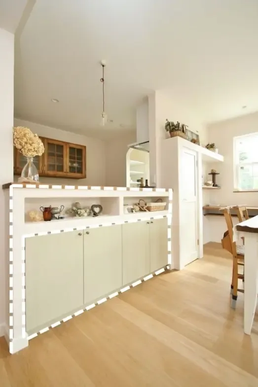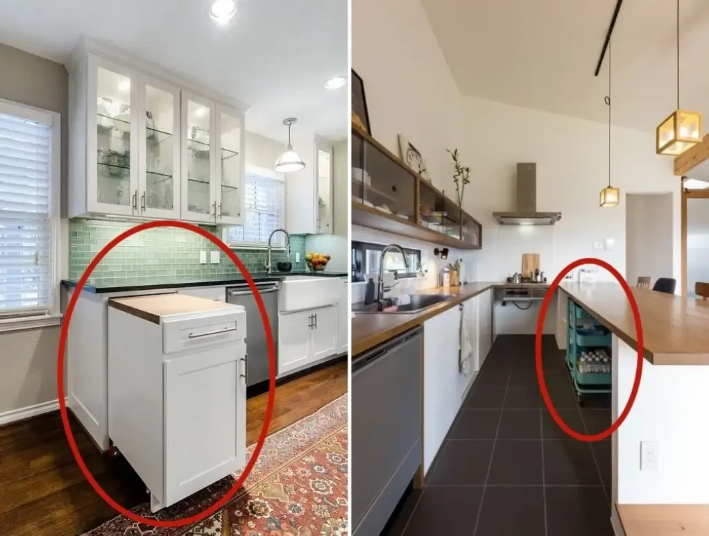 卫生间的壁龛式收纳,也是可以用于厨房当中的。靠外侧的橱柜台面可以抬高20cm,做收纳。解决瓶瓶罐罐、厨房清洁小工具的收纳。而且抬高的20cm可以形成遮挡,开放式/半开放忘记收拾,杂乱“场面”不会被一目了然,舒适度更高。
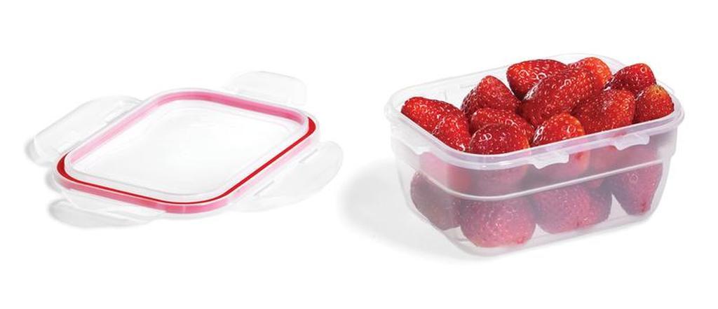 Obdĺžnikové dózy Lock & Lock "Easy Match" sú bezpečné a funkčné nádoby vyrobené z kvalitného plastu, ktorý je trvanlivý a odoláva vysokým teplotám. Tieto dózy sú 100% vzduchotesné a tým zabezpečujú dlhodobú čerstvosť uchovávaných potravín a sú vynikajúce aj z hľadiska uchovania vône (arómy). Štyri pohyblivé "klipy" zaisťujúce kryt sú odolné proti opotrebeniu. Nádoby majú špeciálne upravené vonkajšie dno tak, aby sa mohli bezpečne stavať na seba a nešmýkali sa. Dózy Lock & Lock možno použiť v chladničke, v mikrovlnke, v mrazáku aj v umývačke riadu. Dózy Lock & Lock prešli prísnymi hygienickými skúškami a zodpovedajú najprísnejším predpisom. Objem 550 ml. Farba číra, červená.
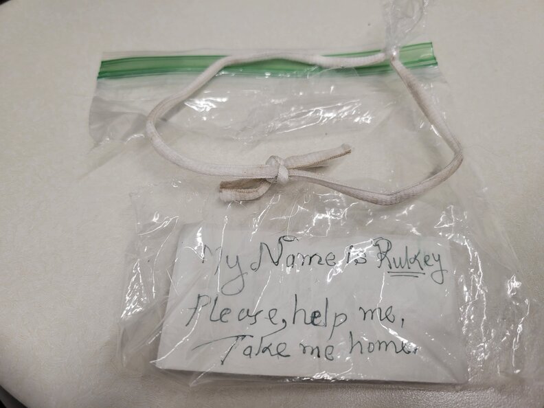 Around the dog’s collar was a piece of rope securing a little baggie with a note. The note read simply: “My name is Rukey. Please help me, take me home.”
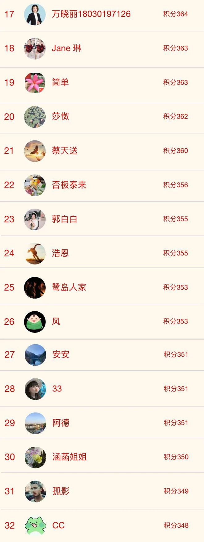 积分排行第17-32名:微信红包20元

Required action — Pictures aside, repeat every line of the data above exactly.

Your response —
 卫生间的壁龛式收纳,也是可以用于厨房当中的。靠外侧的橱柜台面可以抬高20cm,做收纳。解决瓶瓶罐罐、厨房清洁小工具的收纳。而且抬高的20cm可以形成遮挡,开放式/半开放忘记收拾,杂乱“场面”不会被一目了然,舒适度更高。
 Obdĺžnikové dózy Lock & Lock "Easy Match" sú bezpečné a funkčné nádoby vyrobené z kvalitného plastu, ktorý je trvanlivý a odoláva vysokým teplotám. Tieto dózy sú 100% vzduchotesné a tým zabezpečujú dlhodobú čerstvosť uchovávaných potravín a sú vynikajúce aj z hľadiska uchovania vône (arómy). Štyri pohyblivé "klipy" zaisťujúce kryt sú odolné proti opotrebeniu. Nádoby majú špeciálne upravené vonkajšie dno tak, aby sa mohli bezpečne stavať na seba a nešmýkali sa. Dózy Lock & Lock možno použiť v chladničke, v mikrovlnke, v mrazáku aj v umývačke riadu. Dózy Lock & Lock prešli prísnymi hygienickými skúškami a zodpovedajú najprísnejším predpisom. Objem 550 ml. Farba číra, červená.
 Around the dog’s collar was a piece of rope securing a little baggie with a note. The note read simply: “My name is Rukey. Please help me, take me home.”
 积分排行第17-32名:微信红包20元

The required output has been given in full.